52. The method of claim 40, wherein the gate electrode is polysilicon and, before the step of forming the capping layer, including the step of conducting an implant into the gate electrode and the adjacent substrate to:

convert the polysilicon gate electrode to amorphous polysilicon; and

form source and drain implants within the structure adjacent and outboard of the amorphous polysilicon gate electrode;

and including the subsequent steps of:

removing the capping layer from at least over the re-crystallized gate electrode and portions of the source and drain implants; and

forming silicide portions over the exposed source and drain implants and the exposed re-crystallized gate electrode.

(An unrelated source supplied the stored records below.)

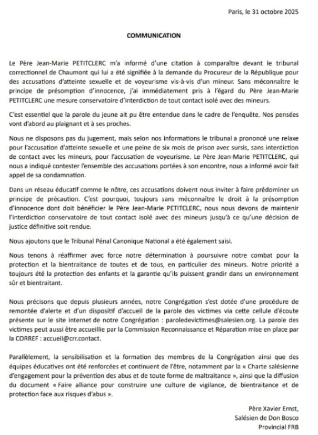 Suite à la condamnation en première instance de Jean Marie Petitclerc à Chaumont pour « voyeurisme » à six mois de prison avec sursis – il a fait appel, les Salésiens de Don Bosco communiquent et indiquent notamment :
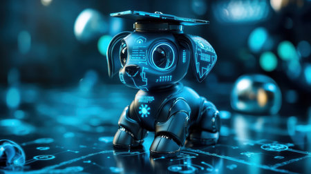 A cute and futuristic robot dog with a graduation cap, posing with digital elements around, symbolizing achievement in a tech-filled world.
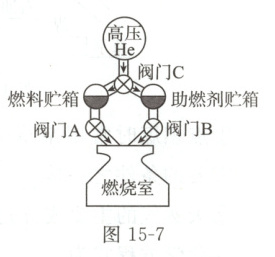 2024年5月3日,搭载嫦娥六号探测器的长征五号遥八运载火箭在中国文昌航天发射场成功发射。该火箭的发动机使用液氧液氢作为推进剂,火箭发动机运行简示图如图15-7。

53. The method of claim 40, wherein the gate electrode is polysilicon and, before the step of forming the capping layer, including the step of conducting an implant into the gate electrode and the adjacent substrate to:

convert the polysilicon gate electrode to amorphous polysilicon; and

form source and drain implants within the structure adjacent and outboard of the amorphous polysilicon gate electrode;

and including the subsequent steps of:

removing the capping layer from at least over the re-crystallized gate electrode and portions of the source and drain implants; and

forming silicide portions over the exposed source and drain implants and the exposed re-crystallized gate electrode;

wherein the capping layer is removed using:

HF;

H3PO4 or

a dry etch.

54. The method of claim 40, wherein the gate electrode is annealed at a temperature of from about 800 to 1100° C.

55. The method of claim 40, wherein the gate electrode is annealed at a temperature of from about 900 to 1000° C.

56. The method of claim 40, wherein the gate electrode is annealed using a furnace anneal, a rapid thermal anneal or a spike anneal.